28. The hinge of claim 27, wherein said collar has a slot for receiving said end of said spring rotationally fixed relative to said elongated shaft.

29. The hinge of claim 27, wherein said flange includes at least two valleys to form a surface that presses against said spring.

30. The hinge of claim 22, wherein said cam includes a seat area for receiving said spring.

31. The hinge of claim 30, wherein said cam includes an outer surface provided with a groove for receiving said opposite end of said spring.

32. A self-contained hinge for a flip-style device comprising:

a cam mounted against a follower surface and around an elongated shaft extending away from said follower surface; and

a spring that simultaneously urges said cam against said follower surface and provides a torsional force that regulates relative rotation of said cam and said follower surface.

33. The hinge of claim 32, wherein said cam includes a groove for receiving one end of said spring.

34. The hinge of claim 33, wherein said elongated shaft includes a slot for receiving an opposite end of said spring.

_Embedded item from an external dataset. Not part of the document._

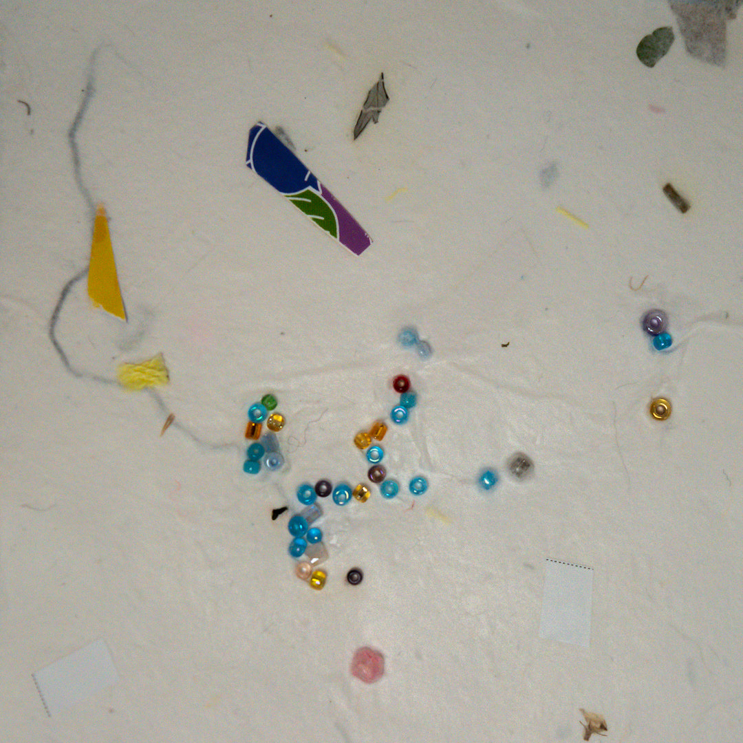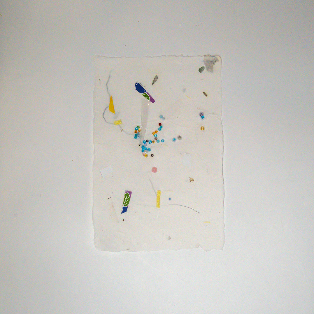 しのぶさんが作るオリジナル紙漉き製品です。草の葉や種、鉛筆削りで出たカラフルなやつ、包装紙の切れ端...季節や気分のネタを入れて、自由に製作しています。
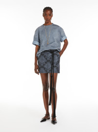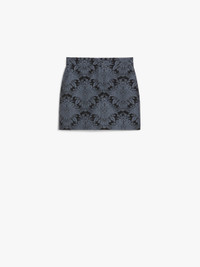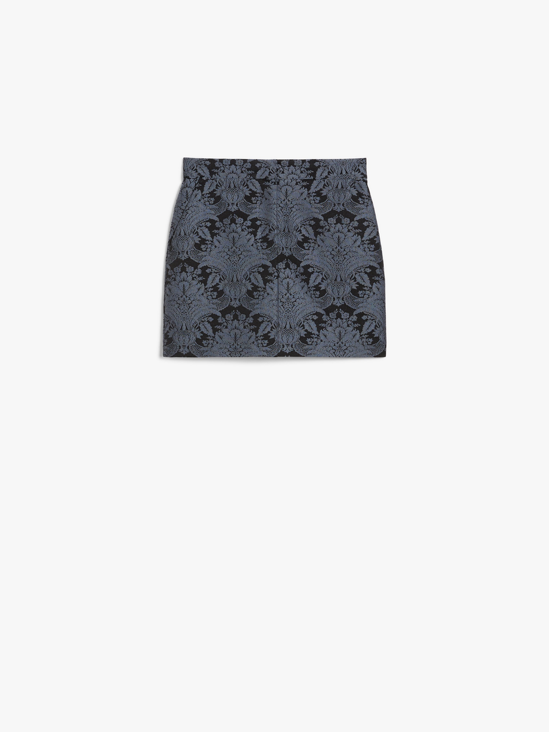 DETAILS Straight miniskirt, made of luxurious tech wool with an all-over jacquard brocade pattern. Lined and with slant pockets on the sides and welt pockets on the back. Fastening with a wide waistband tab, zip fly and small hook. COMPOSITION AND CARE Fabric 68% virgin wool, 32% polyamide; lining 95% acetate, 5% elastane. Do not wash; do not bleach; do not tumble dry; cool iron; professionally dry clean perchloroethylene - mild process; do not wet clean.; protect buttons before washing. Distributed by Max Mara S.r.l., registered office in Reggio Emilia (Italy), Via Giulia Maramotti 4, 42124 (IT)

35. The hinge of claim 32 formed as part of a flip-style device, and wherein a rotation of a flip part of the flip-style device of about 15 degrees from a closed position of the flip-style device enables a ridge of said follower surface to override a peak of a surface of said cam.

36. The hinge of claim 32, wherein said cam and said follower surface define fully closed, self-open and fully open positions relative to said cam.

37. The hinge of claim 32, wherein said cam includes a seat portion to seat said spring.

38. A flip-style device comprising:

a main part and flip part joined to permit rotation of said flip part with respect to said main part;

a hinge joining said main part and said flip part to permit said rotation of said flip part, said hinge including,

a follower having an elongated shaft;

a cam receiving said elongated shaft therethrough; and

a spring rotationally held relative to said elongated shaft and said cam to compress said cam against said follower and apply a torsional force to regulate relative movement of said follower and said cam.

39. The device of claim 38, wherein said hinge forms a separate unit that may be inserted into one of said main part and said flip part.

40. The device of claim 38, wherein said spring encircles said elongated shaft.

41. The device of claim 38, wherein said hinge further includes a retaining member connectable to said elongated shaft to engage said spring and prevent distortion thereof.

42. The device of claim 38, wherein said follower includes one or more extending members forming a device interface.

43. The device of claim 38, wherein said elongated shaft includes a longitudinal slot for receiving an end of said spring.